● **Extracted data**
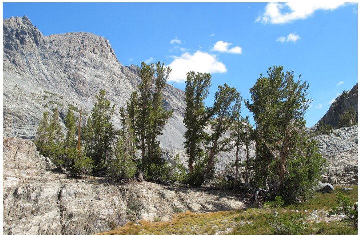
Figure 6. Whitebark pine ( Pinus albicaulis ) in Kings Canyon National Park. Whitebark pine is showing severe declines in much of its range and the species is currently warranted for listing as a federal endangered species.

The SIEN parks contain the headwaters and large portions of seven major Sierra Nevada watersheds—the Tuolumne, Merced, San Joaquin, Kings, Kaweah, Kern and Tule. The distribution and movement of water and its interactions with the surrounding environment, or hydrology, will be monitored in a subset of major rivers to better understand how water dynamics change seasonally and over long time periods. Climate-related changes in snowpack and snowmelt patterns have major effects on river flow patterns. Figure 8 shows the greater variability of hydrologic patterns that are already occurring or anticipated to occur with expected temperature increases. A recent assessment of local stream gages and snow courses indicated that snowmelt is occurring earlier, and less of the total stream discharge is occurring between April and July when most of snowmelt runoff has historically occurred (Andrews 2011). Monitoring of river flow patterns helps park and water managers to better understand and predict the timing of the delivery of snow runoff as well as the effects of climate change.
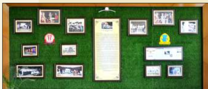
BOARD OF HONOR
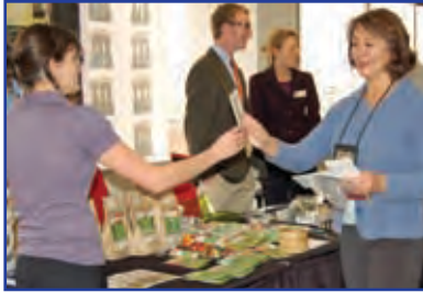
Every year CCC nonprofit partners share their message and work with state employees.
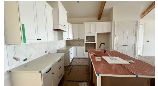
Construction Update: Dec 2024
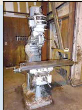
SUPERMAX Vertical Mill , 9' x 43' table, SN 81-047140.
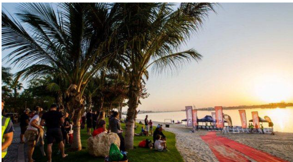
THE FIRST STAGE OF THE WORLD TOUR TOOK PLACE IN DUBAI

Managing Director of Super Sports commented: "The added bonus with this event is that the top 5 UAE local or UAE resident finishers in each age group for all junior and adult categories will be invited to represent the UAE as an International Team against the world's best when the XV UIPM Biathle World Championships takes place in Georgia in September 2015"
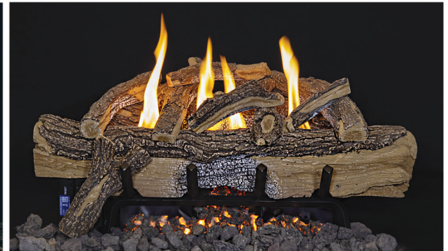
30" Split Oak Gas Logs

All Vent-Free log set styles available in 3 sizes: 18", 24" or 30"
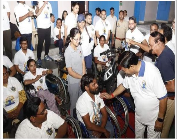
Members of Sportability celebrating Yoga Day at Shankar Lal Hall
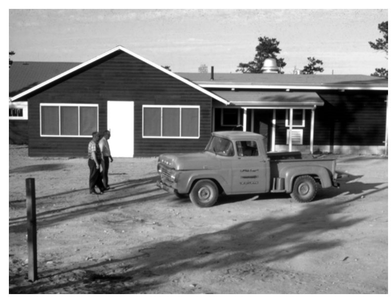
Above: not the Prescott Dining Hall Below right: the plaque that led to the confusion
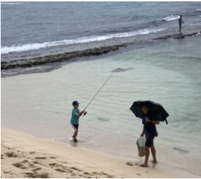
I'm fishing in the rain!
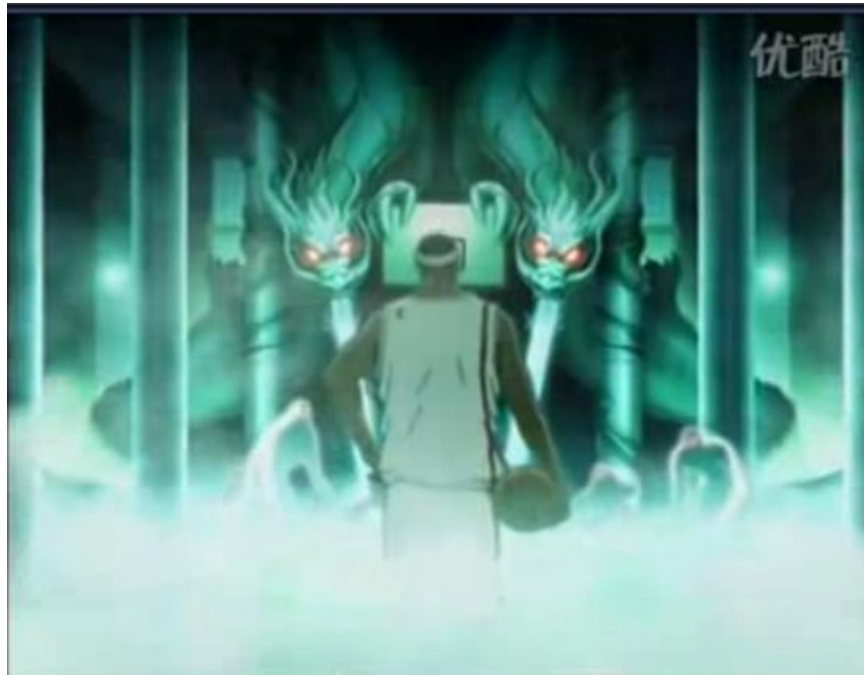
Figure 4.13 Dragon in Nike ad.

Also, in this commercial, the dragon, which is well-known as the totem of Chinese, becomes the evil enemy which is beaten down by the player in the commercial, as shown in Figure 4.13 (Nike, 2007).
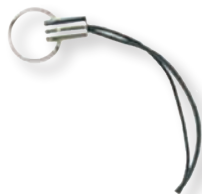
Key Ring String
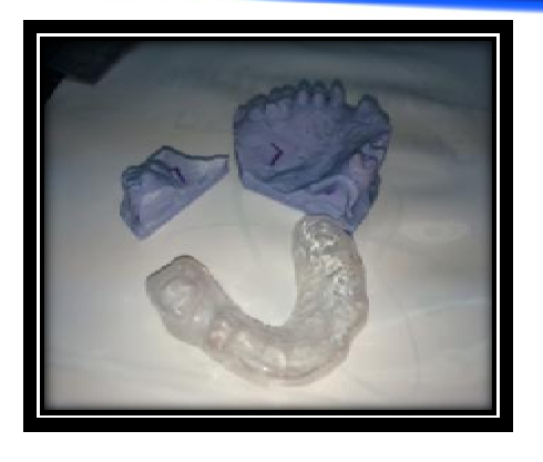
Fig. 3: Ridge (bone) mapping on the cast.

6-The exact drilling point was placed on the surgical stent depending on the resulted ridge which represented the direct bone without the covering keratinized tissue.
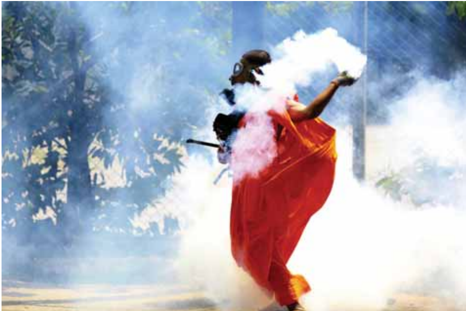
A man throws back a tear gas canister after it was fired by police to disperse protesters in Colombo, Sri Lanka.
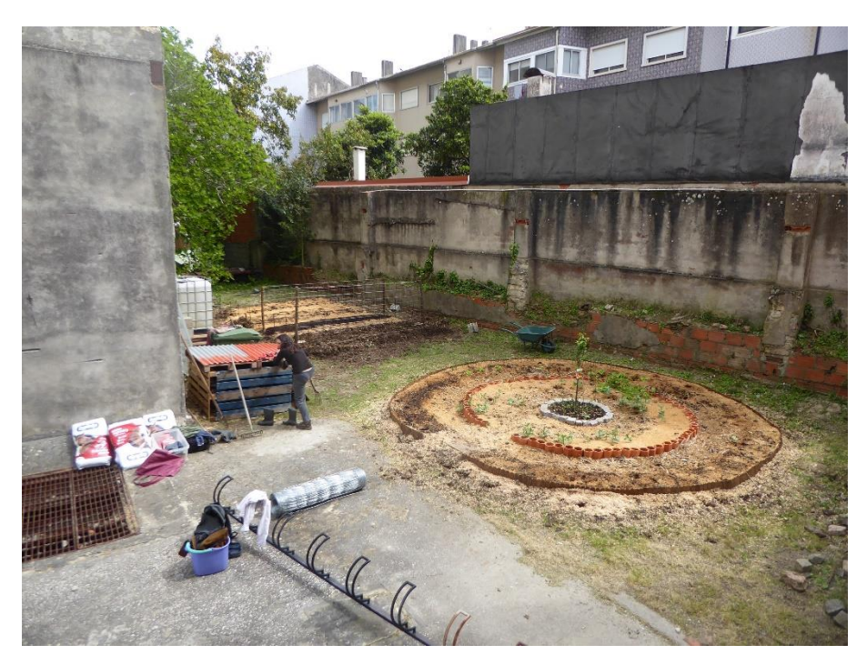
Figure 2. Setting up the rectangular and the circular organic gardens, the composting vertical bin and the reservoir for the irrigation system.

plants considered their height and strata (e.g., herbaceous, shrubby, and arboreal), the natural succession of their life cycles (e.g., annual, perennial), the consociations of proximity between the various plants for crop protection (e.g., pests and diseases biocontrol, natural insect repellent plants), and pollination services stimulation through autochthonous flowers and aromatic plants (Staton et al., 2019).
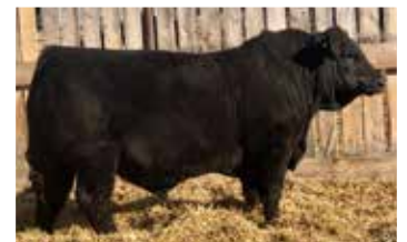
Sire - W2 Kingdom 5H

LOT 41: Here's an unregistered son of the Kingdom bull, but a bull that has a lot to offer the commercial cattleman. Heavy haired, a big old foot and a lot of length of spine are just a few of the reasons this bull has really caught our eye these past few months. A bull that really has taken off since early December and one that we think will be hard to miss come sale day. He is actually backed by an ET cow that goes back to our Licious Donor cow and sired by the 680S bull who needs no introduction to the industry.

* * *

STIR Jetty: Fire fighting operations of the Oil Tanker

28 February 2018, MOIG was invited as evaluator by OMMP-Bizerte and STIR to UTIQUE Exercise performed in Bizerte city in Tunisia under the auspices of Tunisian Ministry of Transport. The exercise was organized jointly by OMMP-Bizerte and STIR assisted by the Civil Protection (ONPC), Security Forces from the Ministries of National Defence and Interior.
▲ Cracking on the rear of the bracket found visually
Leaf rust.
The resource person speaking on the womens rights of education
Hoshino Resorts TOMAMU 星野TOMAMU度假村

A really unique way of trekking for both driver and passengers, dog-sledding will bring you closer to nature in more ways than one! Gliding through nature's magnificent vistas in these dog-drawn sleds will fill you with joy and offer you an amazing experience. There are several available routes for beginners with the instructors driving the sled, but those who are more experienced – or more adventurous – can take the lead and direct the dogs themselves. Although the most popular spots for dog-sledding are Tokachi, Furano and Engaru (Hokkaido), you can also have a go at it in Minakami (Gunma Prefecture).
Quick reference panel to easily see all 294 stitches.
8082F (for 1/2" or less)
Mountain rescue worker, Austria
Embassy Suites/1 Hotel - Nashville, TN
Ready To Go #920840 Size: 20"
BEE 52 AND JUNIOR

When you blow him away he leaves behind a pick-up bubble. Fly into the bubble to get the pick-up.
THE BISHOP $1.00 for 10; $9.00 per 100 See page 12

● **Task goal**
All pictures are to be skipped. Output, word for word, the lines in the data above starting at the line containing "Oak Gas Logs" and ending at the line containing "Figure 4.13 Dragon in Nike ad.".

● **Response to this exercise**
30" Split Oak Gas Logs

All Vent-Free log set styles available in 3 sizes: 18", 24" or 30"
Members of Sportability celebrating Yoga Day at Shankar Lal Hall
Above: not the Prescott Dining Hall Below right: the plaque that led to the confusion
I'm fishing in the rain!
Figure 4.13 Dragon in Nike ad.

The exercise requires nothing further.